Dimanche 7 septembre 1873
Dimanche 7 septembre 1873
Je mets ma robe grise, toute fraîche, le volant autour du cou et la croix rouge sur un ruban bleu très mince et clair (un peu fatiguée, mais bien). Je lis "Le ravin". Vers trois heures la princesse, ma tante (Makaroff parti) Walitsky vont à Monte-Carlo. Maman veut aussi, mais nous restons seules. Alors je propose d'aller et nous allons. J'ai joué moi-même et gagné. Il est temps de descendre pour le train de cinq heures mais maman fait tout traîner. Enfin nous descendons mais hélas trop tard, trop tard, j'ai manqué le départ ! Comme nous remontions, la tante nous rencontre, elle aussi voulait partir.
Je suis très mécontente et maman est fâchée pour moi. Elle me propose de dîner, les plats du jour ne sont pas prêts et nous jouons encore. Au restaurant il y a beaucoup de monde et nous ne pouvons trouver une table, alors le rat mouillé Zibine offre la sienne, j'accepte avec répugnance, mais heureusement tous les joueurs viennent et nous étions en bonne compagnie.
La princesse joue, je ne sais pas quoi elle pense ! Elle emprunte, elle perd et elle n'a pas de quoi rendre. Elle a dit bas à ma tante mais j'ai tout pu entendre, que deux hommes à sa table parlaient, ils me trouvaient ravissante, belle, gracieuse; puis l'un dit que je suis Russe, non, dit l'autre, une Anglaise, mais non c'est une Allemande. Qui est-elle ?
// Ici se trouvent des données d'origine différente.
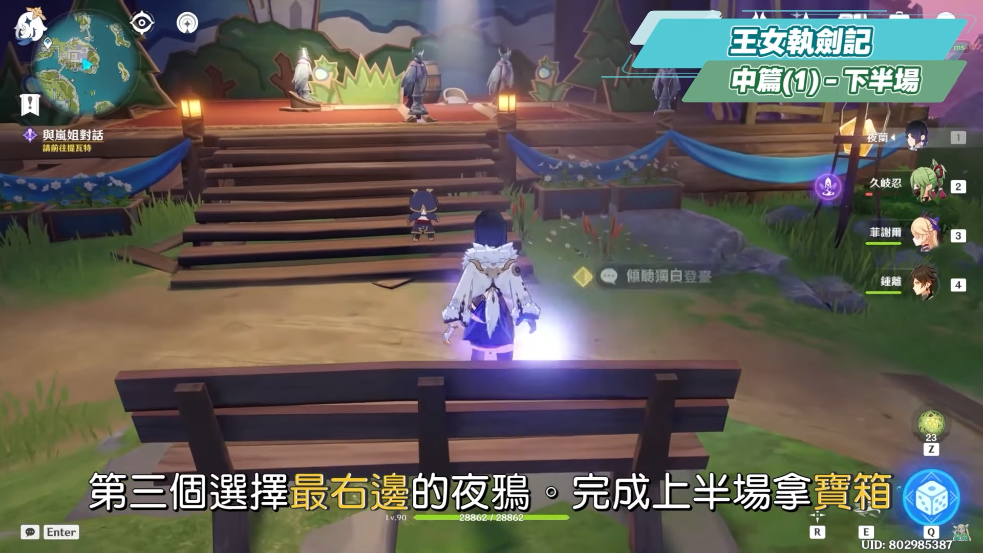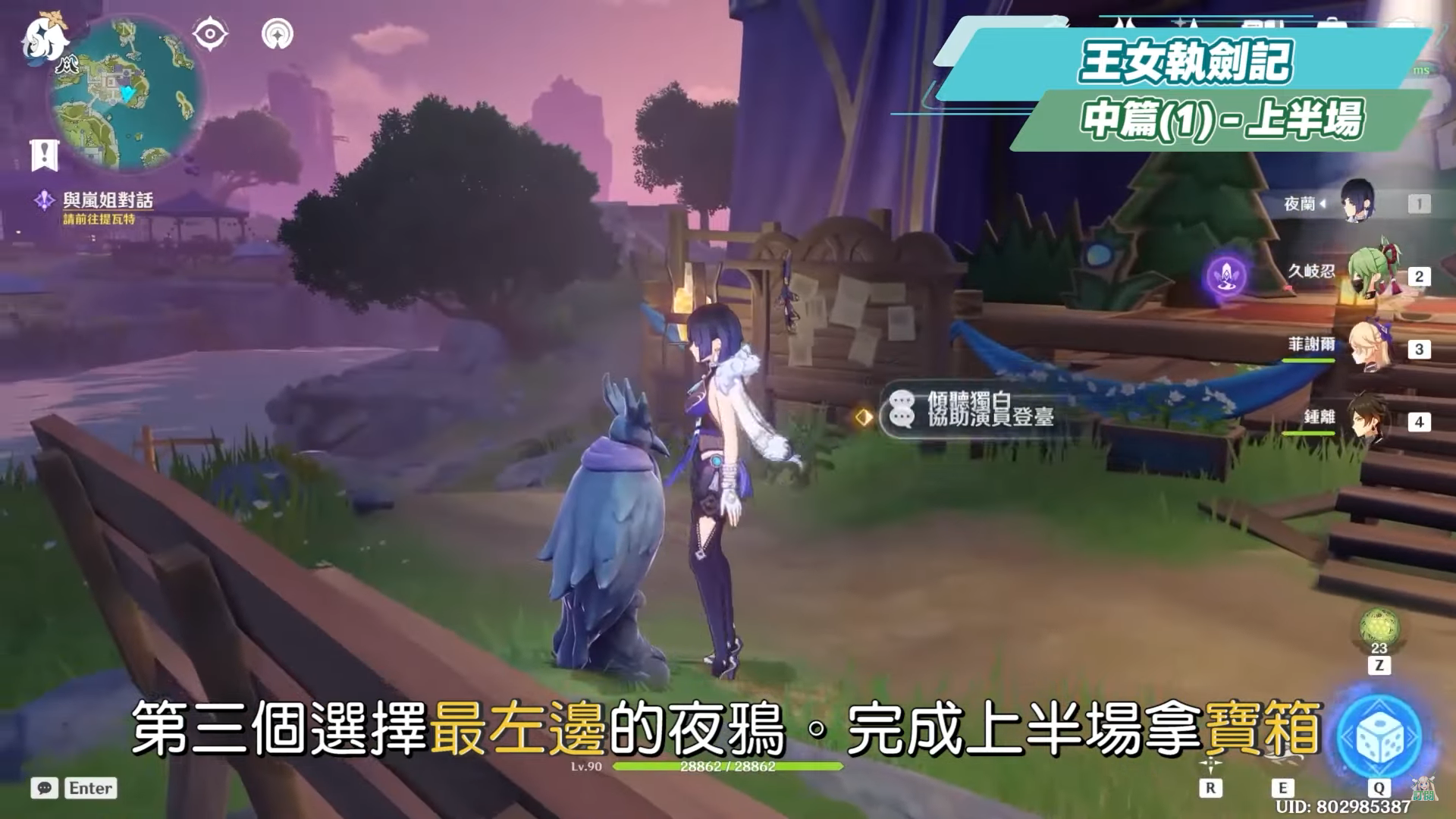 第三個選擇中間的夜鴉。完成上半場拿寶箱。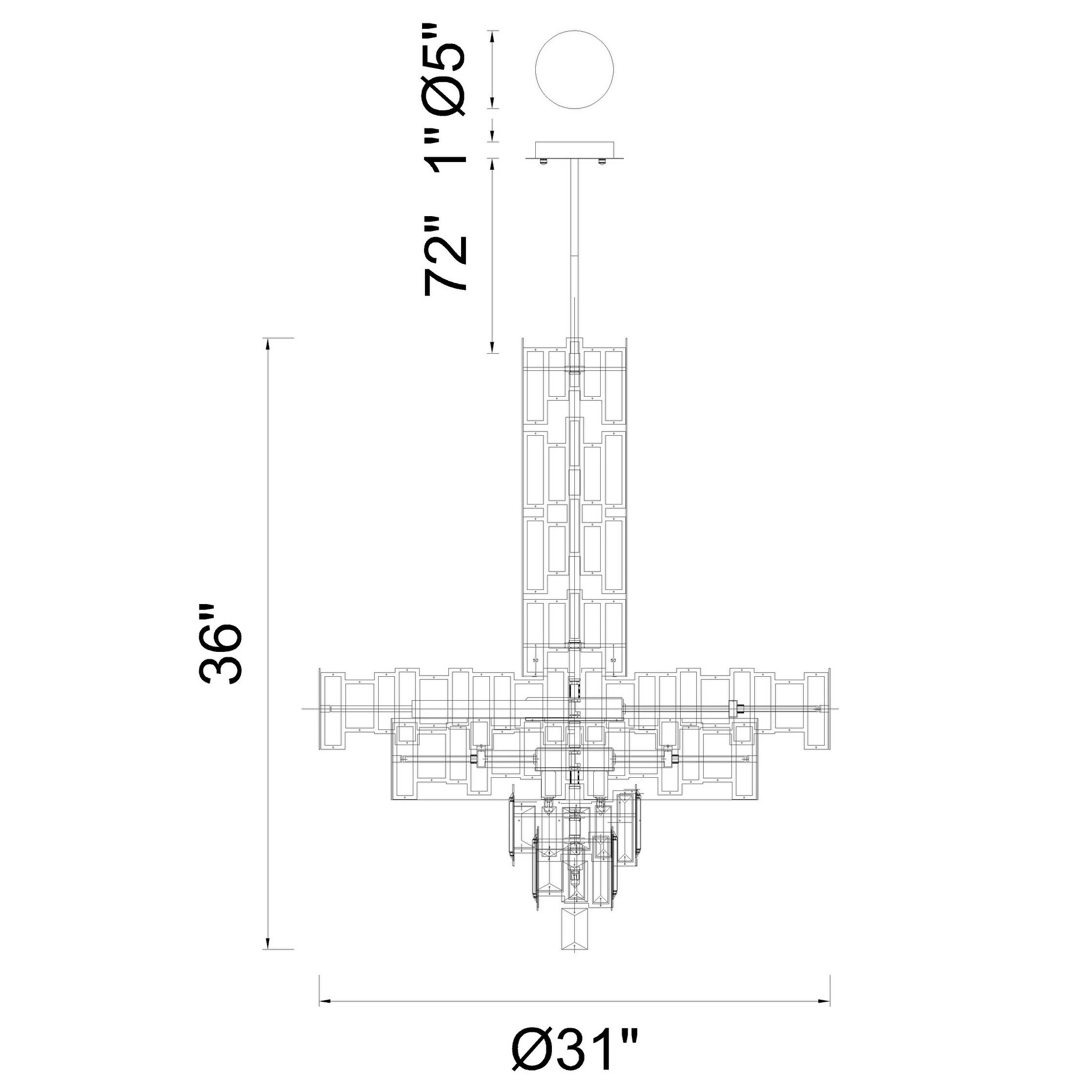 Dimensions: H 36 inches x W 30 inches x D 30 inches – Champagne Finish – Requires 18 G9 Bulbs Max 40 W (sold separately) – Hanging Method Height adjustable up to 72 inches

Bon Dieu, moi le sujet d'une curiosité ! Ce doit être des vilains, des bons ne pourraient pas me trouver belle. C'est pour sûr une invention de la princesse.
Encore une fois, pourquoi me regarde-t-on ? Je fais tout pour être simple, je mets des robes simples, ni un ruban, ni un nœud, ni des fleurs, une robe de toile grise toute simple, un chapeau de paille avec un ruban noir et une plume de coq. Et yet on me regarde, et encore plus. Aujourd'hui par exemple.
On ne se moque pas de moi, j'en suis sûre. Je ne suis pas drôle, il y a un an j'étais un peu ridicule mais maintenant, non.
Huit heures approchent, encore la même histoire avec maman, je lui dis qu'il est temps, non pas encore. J'aurais pour sûr manqué le train si Walitsky n'était pas descendu avec moi. Nous n'avions que quatre minutes, nous courons et je le regrette: juste au coin du casino je vois Gioia qui monte appuyée sur le bras d'un beau jenôme [sic]. J'avais envie de retourner, mais insensiblement je me trouve en bas. Je n'ai que le temps de monter, Walitsky aussi.
Georges est chez nous. Walitsky m'a dit en secret que pendant notre absence il a osé (oh, je rage I) amener Anna à dîner. Toutes les fois maman s'en allait. Mais comment a-t-il osé H! Je ne puis comprendre, me figurer cette audace !
Quel cochon ? mais papa aussi est un fameux cochon, un fou, un dépravé, un sacrilège d'encourager cela. Mais je frissonne à cette seule idée.
Oh ! mon frère n'osera même me dire qu'une telle et telle existe. Est-ce que je permettrai ! Mais s il osait... non il n'osera jamais, plutôt mourir !
J'avoue qu'après ces belles choses, la présence de Georges m'a été désagréable. Lorsque j'ai dit que la femme est égale à l'homme on m'a répondu que non, que la femme a son ouvrage et l'homme le sien. L'homme par exemple est professeur, la femme doit être ménagère à la maison.
Walitsky:
- Alors Hamilton fera courir et Marie est obligée de décrotter les chevaux à l'écurie ? et encore une ou deux bêtises sur le duc de Hamilton.
Je ne rougis plus, mais je ne puis m'empêcher de sourire lumineusement et plus je me retiens, plus c'est lumineux.